If one were to specify a language "nonBrokenC" which augments the C Standard with the following sentence:

  • If parts of the Standard, together with a platform's documentation, K&R1, and K&R2 would describe the behavior of some construct, but some other part of the Standard would characterize the action as undefined, the definition will take precedence.

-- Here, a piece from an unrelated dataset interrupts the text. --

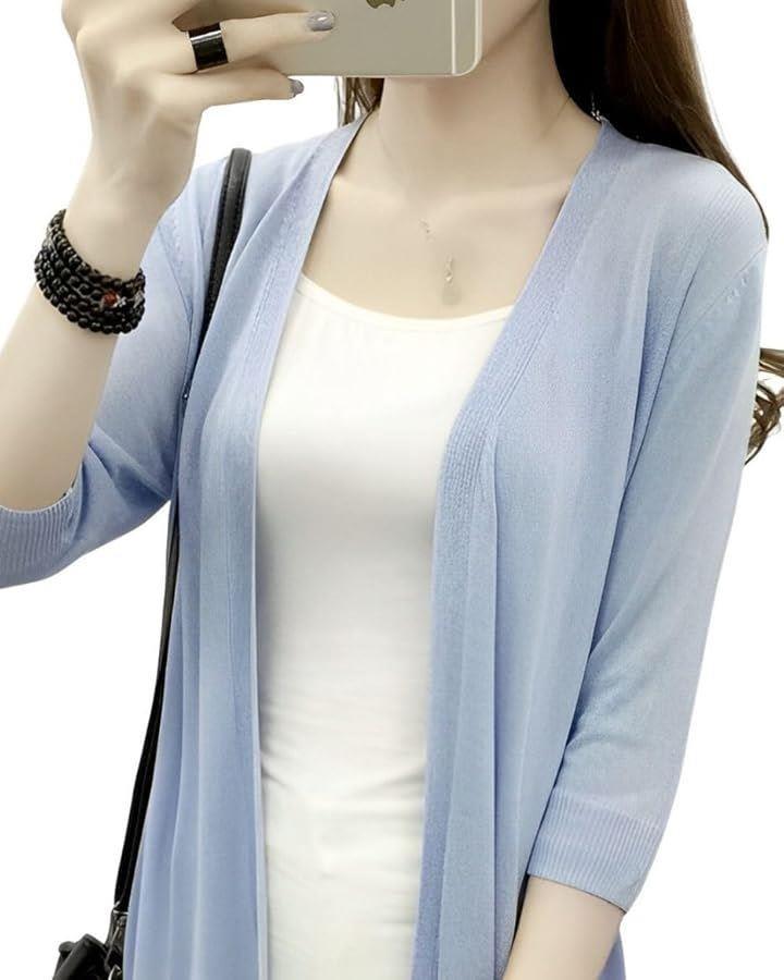 「シンプルカーディガン」 シンプルデザインが落ち着き、さっと羽織るだけで雰囲気のあるコーディネートへ導いてくれるひざ丈のカーディガンです。

then most C implementations would be configurable to process nonBrokenC. Compilers may, even with optimizations disabled, vary in things which were never documented in any of the above places, such as how they hold the values of automatic-duration objects whose address is not taken. Thus, for example, something like:

int test1(void)
{
  int x[1],y;
  x[1] = 2;
  return y;
}

might store the value 2 into the storage used to hold y and then return the contents of that storage, but because the address of y is never taken, implementations may even without optimizations enabled decide not to place it on the stack immediately after x.

On the other hand, given something like:

unsigned mul_mod_65536(unsigned short x, unsigned short y)
{
  return (x*y) & 0xFFFF;
}

I would doubt that any compiler for a system with 32-bit two's-complement int type would, unless optimizations or extra diagnostics are disabled, generate code that does anything other than yield the bottom 16 bits of the arithmetic product of x and y, even if that product would fall in the range 0x80000000u to 0xFFFFFFFFu, and would regard any compiler for a 32-bit two's-complement platform where such computation could arbitrarily corrupt memory as untrustworthy even though the Standard had failed to anticipate that compilers for such platforms might behave that way and thus failed to forbid such behavior.